Son veinte años, siete meses y siete días de esta desgracia chavista, esta maldición inmerecida, este castigo innecesario. Terrible tiempo, tortuoso y muy dañino de esta pesadilla coloreada de un rojo alarmante destruyendo al país. Este dolor debe acabarse. ¡Por Dios!

Nunca tendré autoridad para reprochar al que se va del país, argumentando la grave e inocultable pesadilla veinteañera que hoy padecemos en Venezuela, así como tampoco al que se queda –pudiendo o no irse– con la convicción de poder hacer algo desde este suelo o desde la distancia que en los más de los casos nos duele tanto.

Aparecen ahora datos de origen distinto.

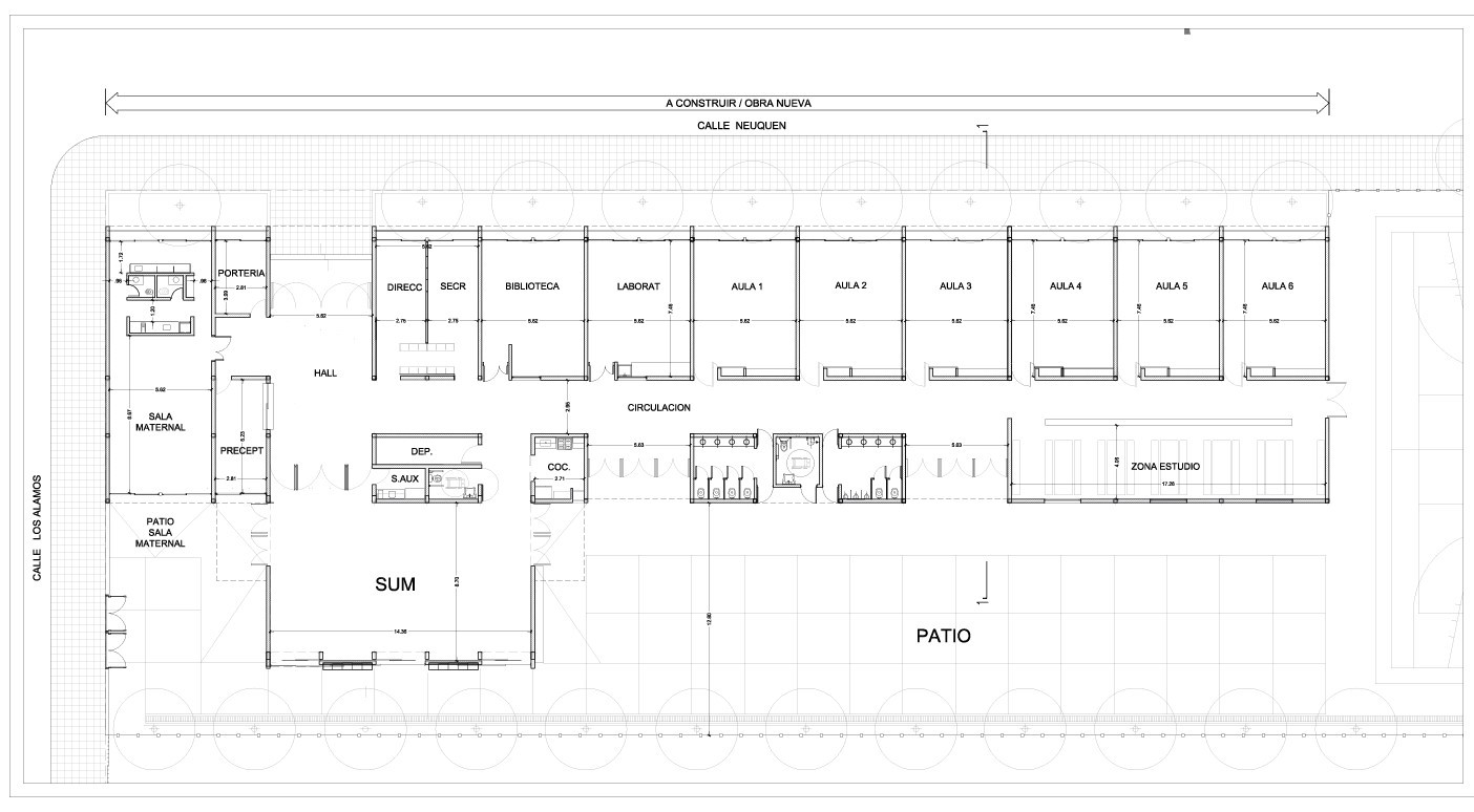 Estará ubicada sobre la calle Los Aromos. Tendrá una superficie cubierta de 1082.70 m2, y una superficie semicubierta de 68.40 M2. 6 aulas, sum, sala maternal con patio, deposito, preceptoría, portería, sala de auxiliares, cocina, biblioteca, área de estudio, laboratorio, son algunos de los espacios por los que estará compuesta.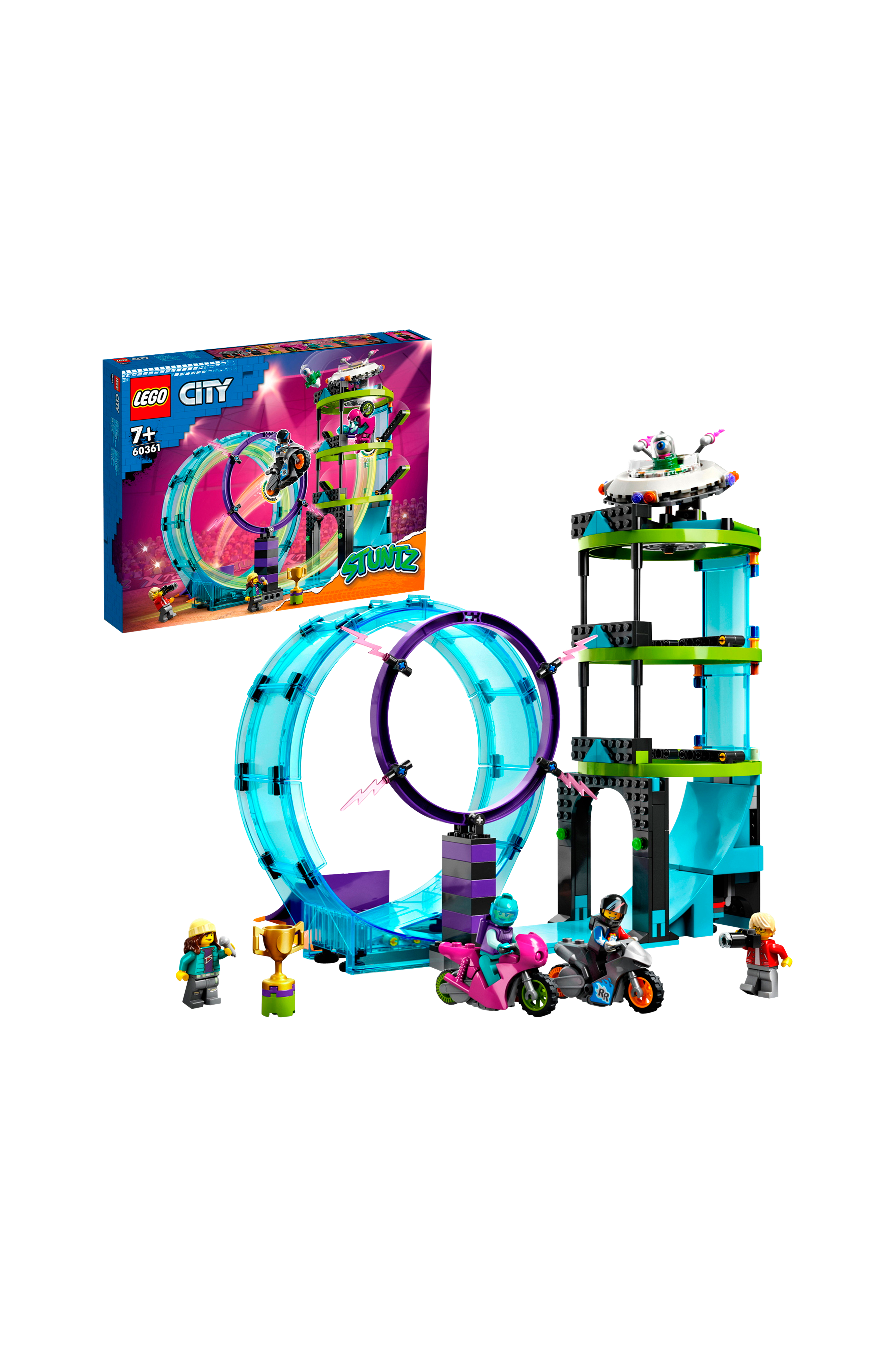 Dette sæt med 3 funktioner indeholder 2 stuntmotorcykler og 3 stuntelementer, der kan kombineres - et 360°-loop, en ildring og en sjov udfordring med et "rumvæsentårn".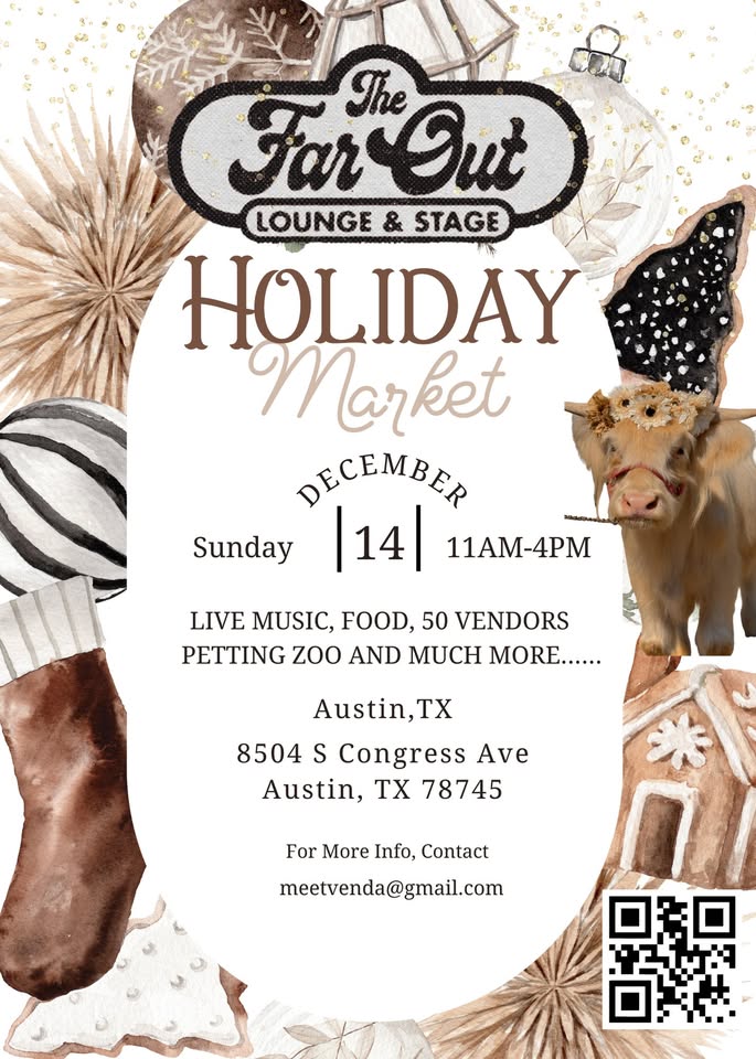 The Far Out Holiday Market is happening Sunday, December 14, and you’re invited to shop, sip, listen, and enjoy the full festive vibe. Live music, delicious food, 50 amazing vendors, a petting zoo, and so much more. Come spend the day with us and kick off the season in the best way.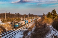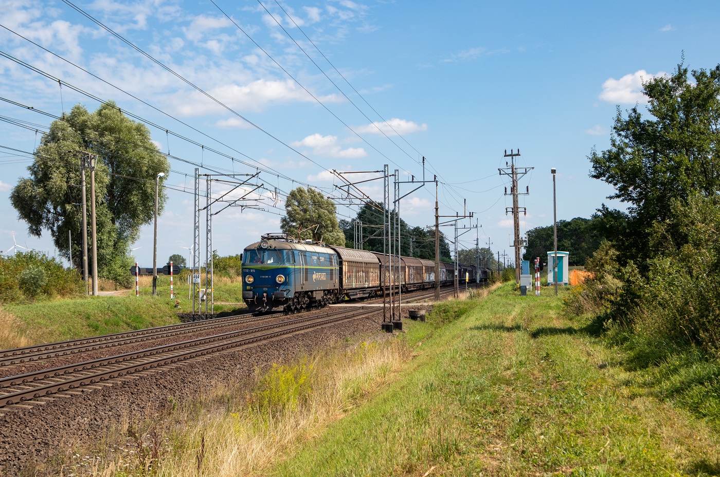 ET22-815 PKP Cargo ze składem wagonów krytych do Oderbrücke mija charakterystyczny przejazd kolejowy w Gajcu. Na zdjęciu można zauważyć ciekawą grę cieni.
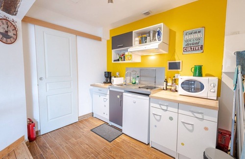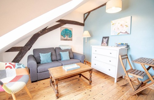Comfortable 2-room apartment, located in the heart of the city center with a breathtaking view of the Château d'Amboise! It consists of an entrance with a lounge area with TV, Wifi and a sofa. A fitted and fully equipped open kitchen. The apartment has a pretty bedroom with a 140 double bed and a bathroom with shower and separate WC.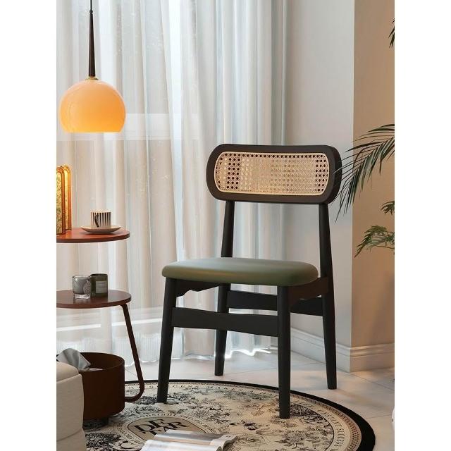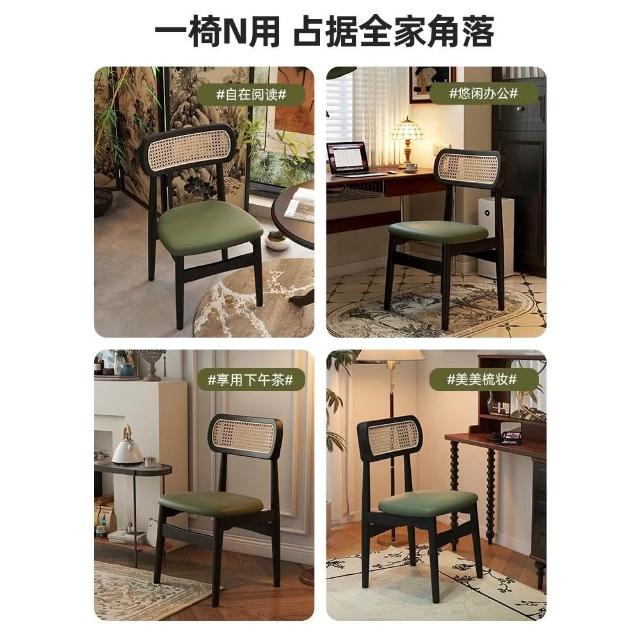 免運❤️實木餐桌椅靠背復古藤編法式餐椅中古休閒家用椅子高級感綠色凳子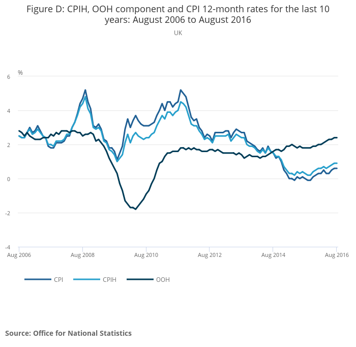 Download this chart Figure D: CPIH, OOH component and CPI 12-month rates for the last 10 years: August 2006 to August 2016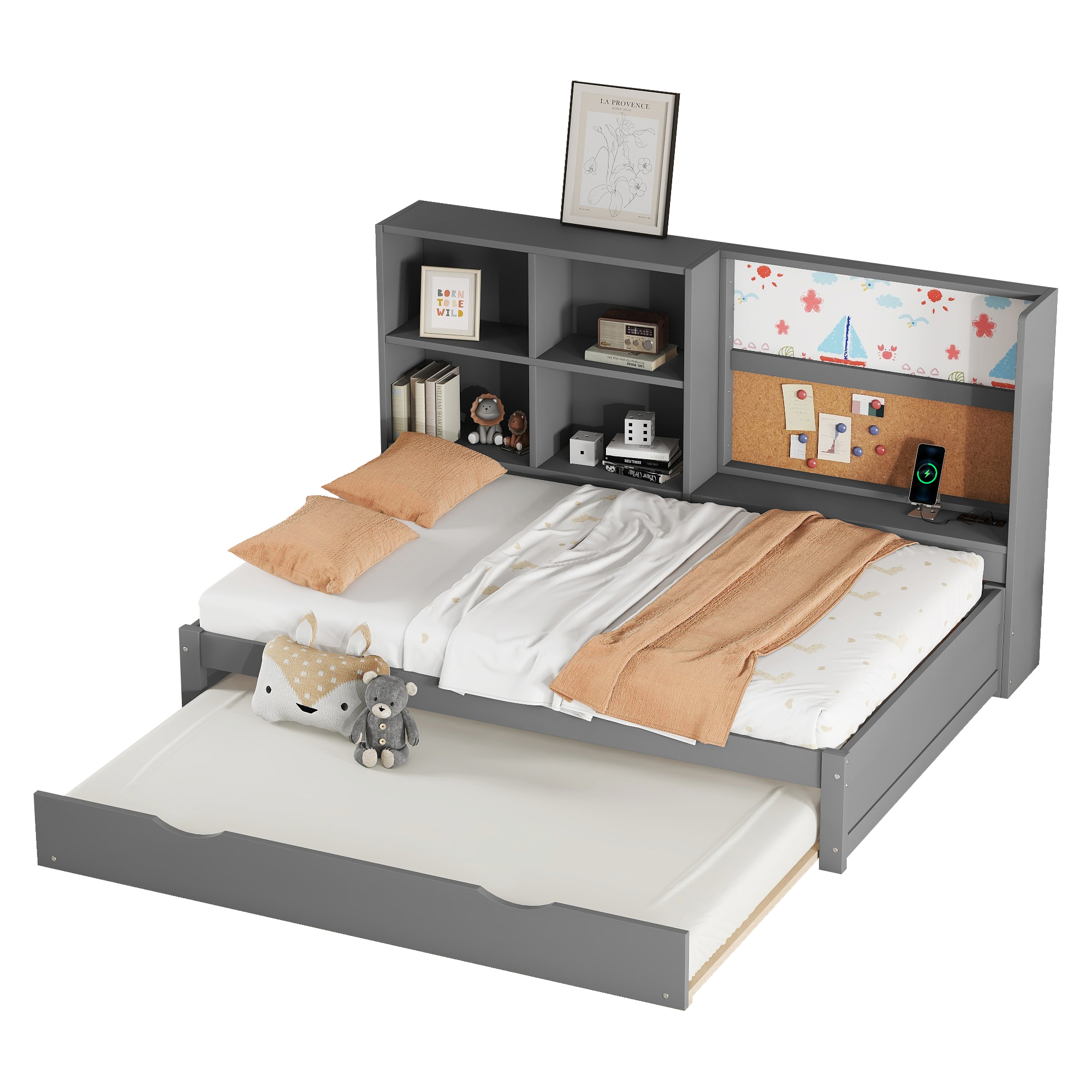 Canapé - lit gris 90 * 200cm avec lit gigogne, port de charge USB, plusieurs compartiments de rangement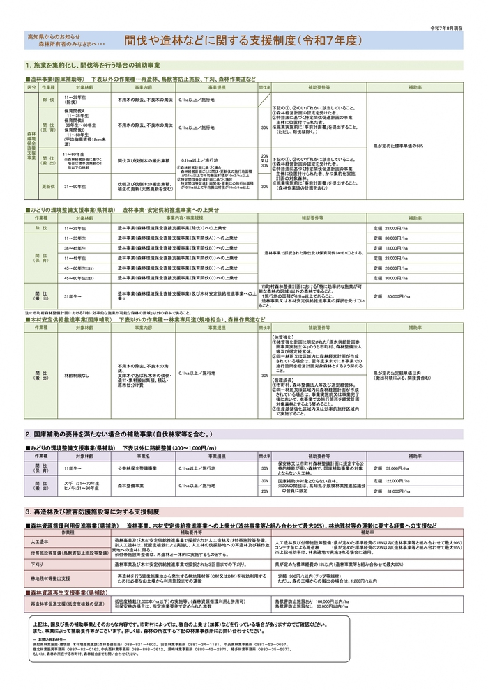 高知県では、森林が持つ多面的機能の向上と林業の振興を目的として、 間伐や造林の実施に対する各種支援制度(補助事業)を実施しています。 このたび、これらの支援制度を紹介するチラシを高知県が作成しましたので、 大川村ホームページにも掲載します。 ※なお、掲載事業のうち、すでに受付を終了している事業や 大川村では実施していない事業もあります。 ※詳しくは高知県嶺北林業事務所等までお問い合わせください。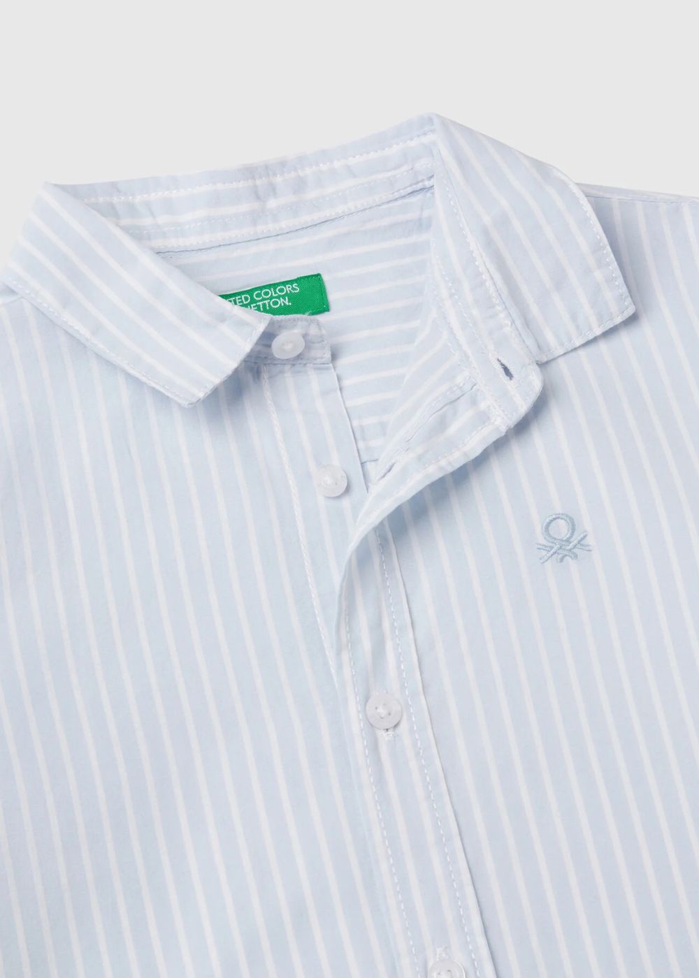 Long sleeve striped shirt in yarn dyed pure cotton poplin. Classic collar, front buttoning and embroidered logo on left side. Perfect for all occasions.

Ante esta terrible realidad, llamar cobarde al que se va, o pendejo al que se queda, no es solo simple cicatería o sencillez de criterio, es una barbaridad deleznable, una injusta apreciación del contenido y la significación de tamaña decisión; es, además, una evidente señal de enanismo intelectual, propio del que ve todo en un cuadrito y no precisamente de los tantos que componen la obra del maestro Carlos Cruz-Diez que se exhibe en un pasillo del aeropuerto de Maiquetía.

Se trata de defender el derecho de los que quieren irse, y desde luego –como se ha dicho– de los que deciden quedarse. Porque eso es la libertad, albedrío, en eso consiste el ejercicio de las libertades públicas, a pesar del desgobierno que se empeña en coartarlo a cada rato, sin miramientos y teniendo en mala hora entre sus garras todo el andamiaje del poder del Estado.

La peste odia el estudio, repudia el conocimiento, aborrece el olor a lápiz y cuaderno, le huye al pupitre, aborrece la tiza y el pizarrón, se espanta con la universidad, maltrata a estudiantes y profesores, los atropella, los mata. No tiene paz con los libros.

Por eso me preocupa que no seamos capaces de darnos cuenta que el país va por un despeñadero, cuesta abajo en su rodada, como llora el tango. Incapaces de ponernos de acuerdo en un tema tan fundamental como es –ya no una percepción– sino un hecho triste,  un desolado infierno que nos dejó aquel milico golpista, hoy en manos del gobernante que dice ser su hijo, y de su equipo ineficiente que no han podido dar hasta ahora ni una señal de rectificación.

Siguen las amenazas a los medios y a todo aquel que piense distinto, el populismo que regala lo que no es suyo, mientras Maduro se ufana de ser un buen conductor de autobuses. No denuesto el oficio de chofer, no. Me refiero y rechazo uso y abusos de recursos públicos para consolidar esa otra metáfora de la pobreza que es el chavismo.

No tiene caso seguir en ese terreño proceloso y detestable al que nos ha llevado esa cosa aposentada en Miraflores, con el lenguaje incendiario propio y heredado de aquel milico golpista que no escatimó en sembrar el odio y el resentimiento en el país.

Hemos caído en la trampa, en esa odiosa estrategia. A los que hoy profesan esa tesis delirante como forma de gobierno les ha funcionado poner a pelear a la oposición; dividirla es su propósito porque saben que desde hace rato ya no son mayoría, que el país necesita y clama un cambio, que Venezuela merece ser gobernada por otra gente comprometida con su futuro, empeñada en corregir errores y subsanar las omisiones en que ha incurrido el desgobierno que no cesa en su perverso afán de seguir aferrado al poder.

Estamos mal, pero obligados a estar bien o mejor. Así esta ligera radiografía del país, este triste retrato hablado de lo que somos y que muchos no queremos que sea. Y además nos duela en el alma y la piel.

No solo se naufraga en el mar, sino también a diario en tierra firme. Es la peste que nos ahoga, nos niega la posibilidad de soñar un mejor país, alcanzarlo e instalarnos en él con intenciones y aspiraciones de mejores condiciones de existencia.

Esa misma situación dilemática nos ha llevado a no entender que para ser libres, expresar o decidir con albedrío nuestra vida personal, familiar o social, debemos respetar al otro, no solo en la participación en los asuntos públicos, sino también y necesariamente, aceptarnos en nuestra privacidad y defenderla. Debemos echar a un lado, desestimar cualquier intento de presión, no aceptarla de nadie que pretenda imponernos algo que no queramos, o aquello de lo que discrepemos

La profusión de vallas y propaganda chavista en Maiquetía, desgracia cualquier llegada y hace más infeliz toda partida.Por cierto, es probable que mis hijos se vayan, mis ojos lluevan y deba prepararme para el regreso.

Castigos innecesarios: atacar al que se va, criticar al que se queda.